Caroline Riady, CEO of Siloam Hospitals Group, spoke about the company’s digital transformation experience at the HIMSS Indonesian Digital Transformation Symposium recently in Jakarta.
The company is a prominent healthcare provider in Indonesia. It has 41 hospitals around the country, including some in Bali, East Nusa Tenggara, West Nusa Tenggara, and Sulawesi’s eastern areas. Until 2010, it only had 4 hospitals. They had 26 hospitals with 16 distinct IT systems in 2016, and they hadn’t done any digital transformation yet. Two of the 16 IT systems were still DOS-based, according to the report, the symposium heard from Riady.
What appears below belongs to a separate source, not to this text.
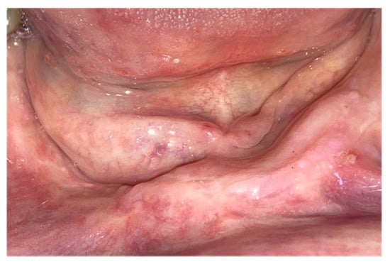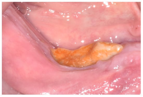 All MRONJ stages except for stage IIIa were included: stage Ia (n = 1), Ib (n = 2), stage IIa (n = 1), IIb (n = 1) and stage III b (n = 1). The comparative assessment with this group of patients showed a similar distribution of MRONJ stages ranged between Ia (n = 1), Ib (n = 3), IIa (n = 2), IIb (n = 5) and IIIb (n = 5). The adopted therapeutic strategies have been reported for patients taking CDK4/6 inhibitors and for other cancer patients of the cohort as well. In total, 10 patients were eligible for surgical treatment (Figure 1, Figure 2, Figure 3, Figure 4, Figure 5, Figure 6 and Figure 7) whereas for 6 patients, surgery was contraindicated, and disease control was obtained through medical treatment only.

According to Riady, the company started digitising in 2016.
As the group’s basis, the team had to unify more than a dozen IT platforms and build one unified hospital information, financial, and patient appointment system. She stated that some features were not subjected to acceptance testing and were instead implemented in a live setting. Only three months later, the billing within the healthcare information system was stable. After that, the team had to do the same for another 25 hospitals.
It was an incredibly painful process. Three years after the first hospital’s standardisation, they have finally finished the last hospital’s standardisation now, she told the audience at the symposium. However, the good news is that their future systems will be a little smarter, which means data migration will be faster and people will be more accustomed to it.
According to Riady, the company also focused on its ERP, which was completed last year. Then, a “support ending” message was issued. If one is looking for a vendor, find out when their support ends. Do not inquire about it once it has been completed, she stated.
Patient appointments, EMR, teleconsultation, human resources, doctors’ clinical governance, and CPOE are all part of the digital revolution, according to Riady. In addition, the group focused on a single queuing system that would streamline patient lines from doctor consultations through pharmacies and laboratories.
The next step, according to Riady, will be innovation, in which the hospital group will use technology and artificial intelligence to improve service and patient care.
She said that the hospital group had benefited from the broader restructuring and digitalization process. One was seamless online and offline delivery, in which a patient could make a lab appointment online and receive drugs delivered to their home without any hassles. It also made it easier for patients to get help and gave the company more data to help it run its business better.